R.J. Reynolds, Hawaiian Punch
Researchers wrote that in the 1950s, Hawaiian Punch, then owned by Pacific Hawaiian Products, was marketed as a two-flavor “at-home cocktail mixer for adults.” R.J. Reynolds acquired the company in 1963.
In the 14 years that followed, nearly three dozen research studies and taste tests to evaluate the colors, flavors, and sweetness were conducted, evolving the product into one that used children, prizes and a cartoon mascot named Punchy to sell the brand.
Sales of the product increased, with a R.J. Reynolds’ executive stating “that was mostly a function of the aseptic packages’ convenience and affordability, largely among younger users.”
Ownership of Hawaiian Punch has changed several times, and is currently held by Dr Pepper Snapple. Hawaiian Punch still uses Punchy as the focal point of its advertising and labels, researchers wrote.
Philip Morris, Kool-Aid
Kool-Aid had originally been marketed as a soda alternative for families in the 1950s, according to Nguyen and colleagues.
Within a decade of Philip Morris acquiring the company in 1985, media spending on mothers plummeted, but Kool-Aid’s budget for children’s marketing doubled to include children’s comics, product samples, made-to-order music tapes and other items featuring its anthropomorphic cartoon character, Kool-Aid Man.
Philip Morris also utilized an integrated marketing campaign included sponsorships, package inserts, mailings and in-store displays and partnered with toy manufacturers Mattel and Nintendo to develop a loyalty program that permitted children to redeem Kool-Aid purchases for gifts and sweepstakes.

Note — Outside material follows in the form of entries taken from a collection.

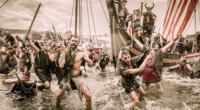 Na primeira fin de semana de agosto catro drakkars (embarcacións viquingas) chegan a ría de Arousa e intentan tomar terra na localidade de Catoira, onda o pé das vellas Torres do Oeste a poboación nativa tenta impedir o desembarco. Cando xa pasou máis dunha semana da Romaría Viquinga semella que non paga moito a pena falar deste feito, neste mundo onde a información ten que chegar ao público case ao momento de estar ocorrendo o suceso en si, mais neste caso para min non vale ese dito de “pasado o día pasou a romaría” xa que considero que a historia recreada nesta festa é de moito interese, e calquera día é bo para falar dela. Esta celebración, que xa leva case 60 anos celebrándose, recrea as numerosas campañas que cada verán os piratas normandos realizaban nos países cristiáns. De sobra son coñecidas as incursións que fixeron en Francia ou Inglaterra, series televisivas modernas coma Viquingos baséanse nas aventuras dos escandinavos naquelas terras, pero o certo é que Galicia foi un enclave de atracción para estes pobos que denominaban ao noso país coma Jacobsland (Terra de Santiago).
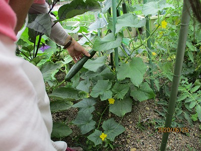 つき組の植えたキュウリが実をつけ、収穫できるようになってきました。
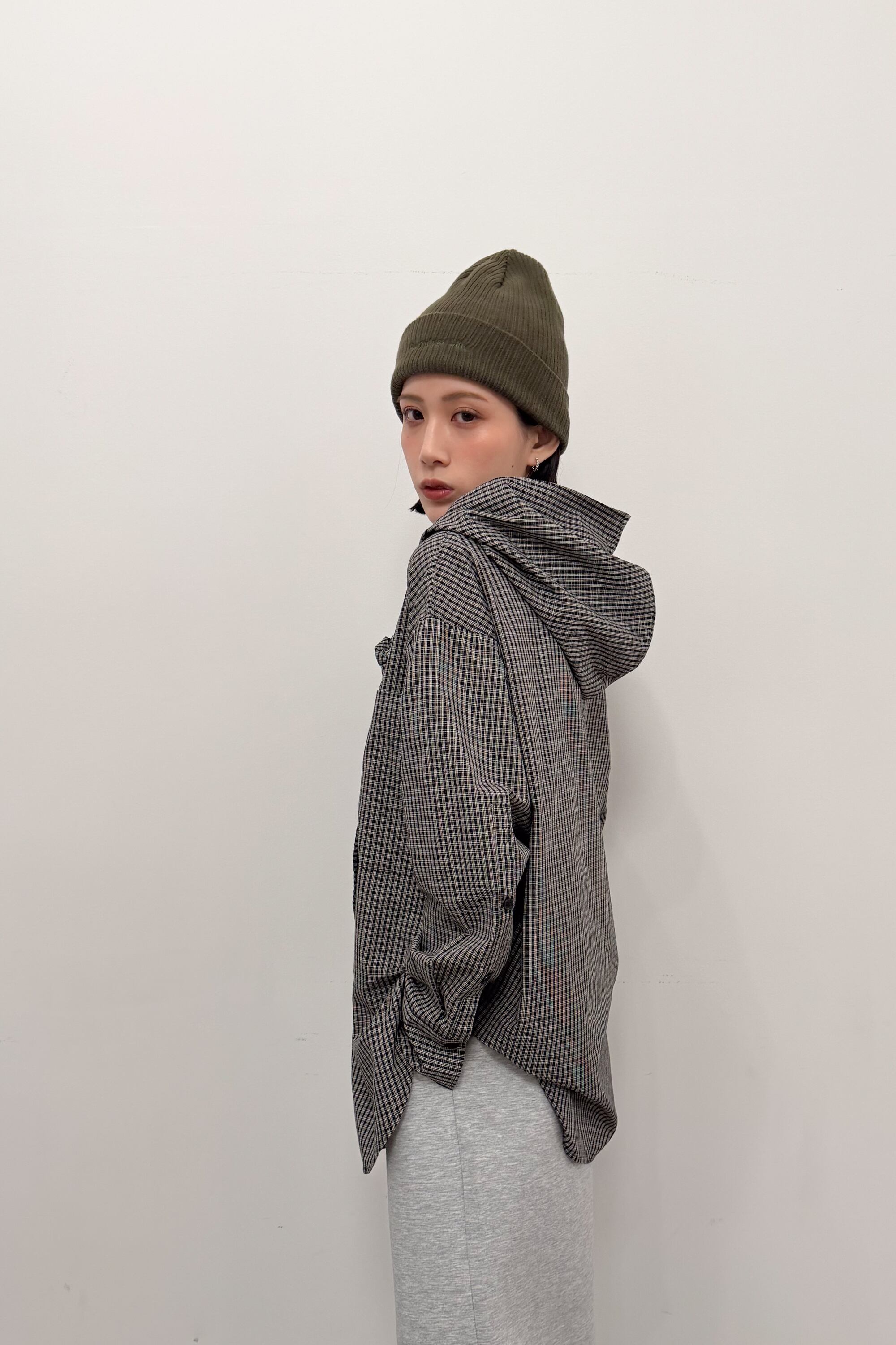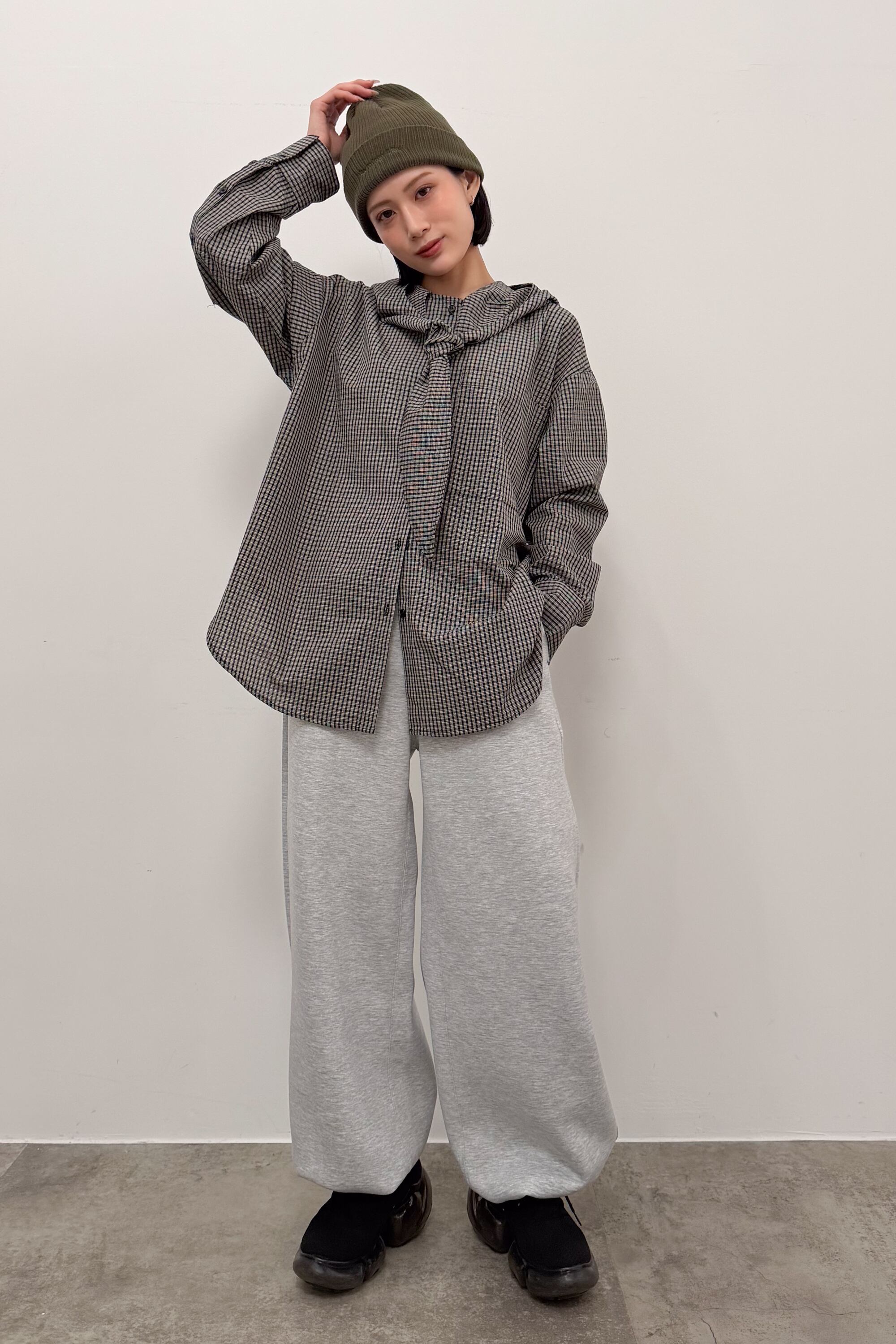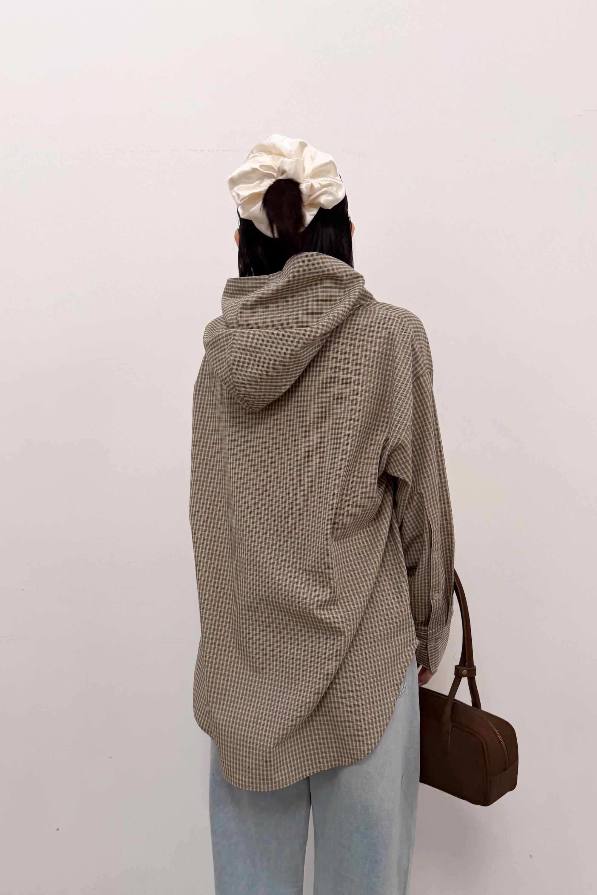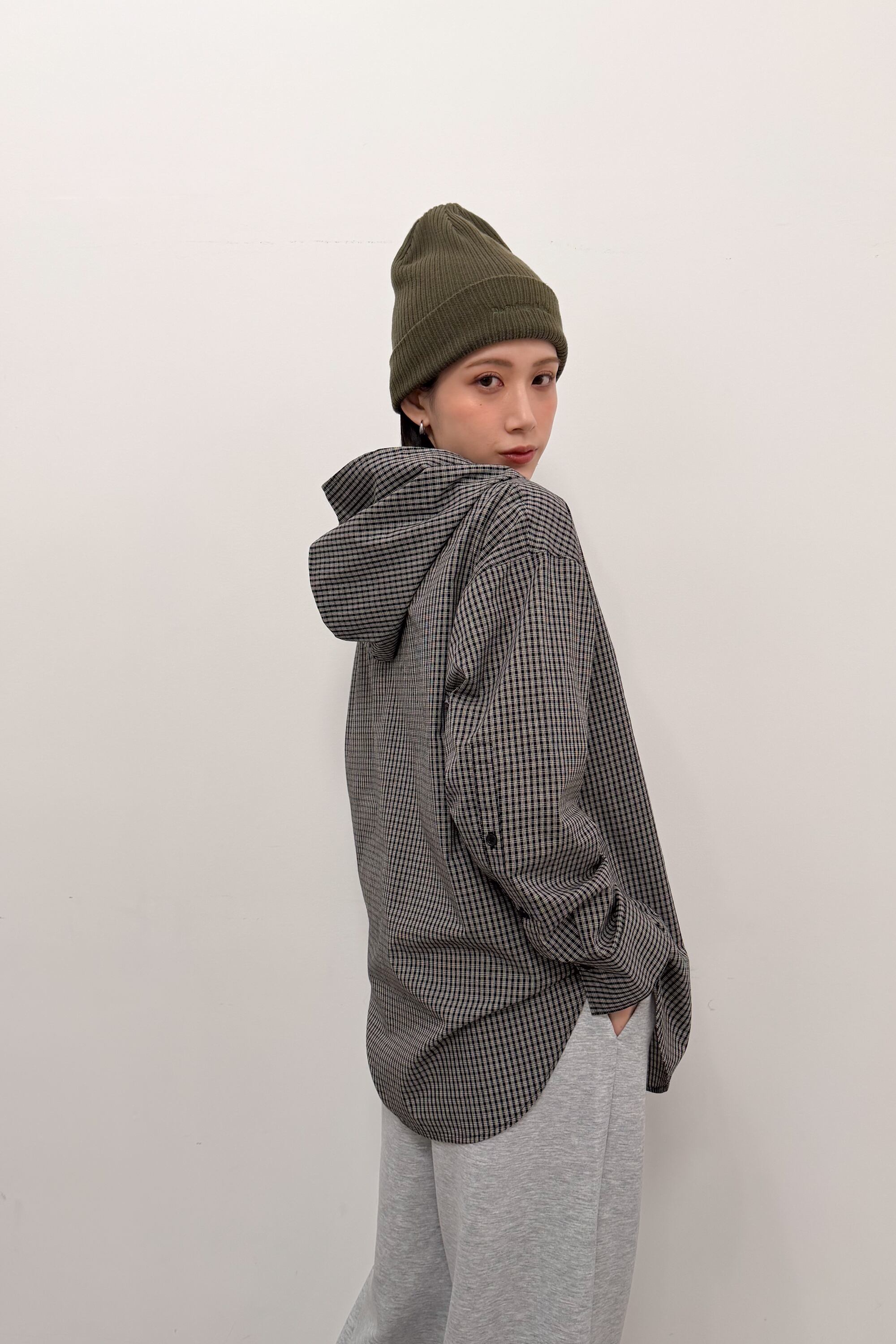 フード付きのチェックシャツに、首元のタイディテールを効かせた“ひとクセ”デザイン。シャツのきちんと感とフードのラフさが混ざり合って、合わせるだけでこなれたバランスに仕上がります。ゆったりめのシルエットとヒップまで隠れる丈感で、体のラインを拾いにくいのも嬉しいポイント。前を閉じてトップスとしても、ボタンを開けて羽織りとしても使えて、季節のつなぎにも頼れる一枚です。

“The director of Philip Morris’s beverage division described [the loyalty program] as ‘our version of the Marlboro Country Store,’ a 1972 cigarette loyalty program,” Nguyen and colleagues wrote. “A 1992 Philip Morris analysis called the Kool-Aid Wacky Warehouse the ‘most effective kid’s marketing vehicle known,’” Nguyen and colleagues added.
Documents analyzed by Nguyen and colleagues show advertising campaigns for Tang and Capri-Sun, which also fall under the Philip Morris corporate umbrella, are geared primarily towards children and adolescents.
Parallels to tobacco marketing
Legislation enacted in 2009 ended the use of cartoon characters such as Joe Camel to promote cigarettes. In 2016, Chile enacted legislation that states food and drinks cannot be promoted to children with commercial “hooks” such as cartoon mascots, according to Nguyen and colleagues.
Researchers also wrote that the still-unratified 2018 North American Free Trade Agreement may hinder efforts that mandate the United States, Canada and Mexico follow Chile’s model.
“With the exception of Dr Pepper Snapple, all current owners of the children’s beverage brands studied here have pledged participation in industry-led voluntary agreements to limit the selective marketing of unhealthy drinks to children under 12. The industry argues that some of the marketing strategies developed by tobacco companies — including brand character toys, brand licensing on toys, and cartoon characters on packaging — are not actually targeting children and are therefore excluded from the agreement,” Nguyen and colleagues wrote.
“The evidence cited here shows that these marketing techniques, which remain prevalent, were specifically designed to attract children by blurring advertisement with entertainment content in a way that is now at odds with the terms of industry-led agreements. Voluntary industry codes are therefore unlikely to provide an adequate solution to the problem and we need well-enforced government regulations,” they added. – by Janel Miller
Disclosures : The authors report no relevant financial disclosures.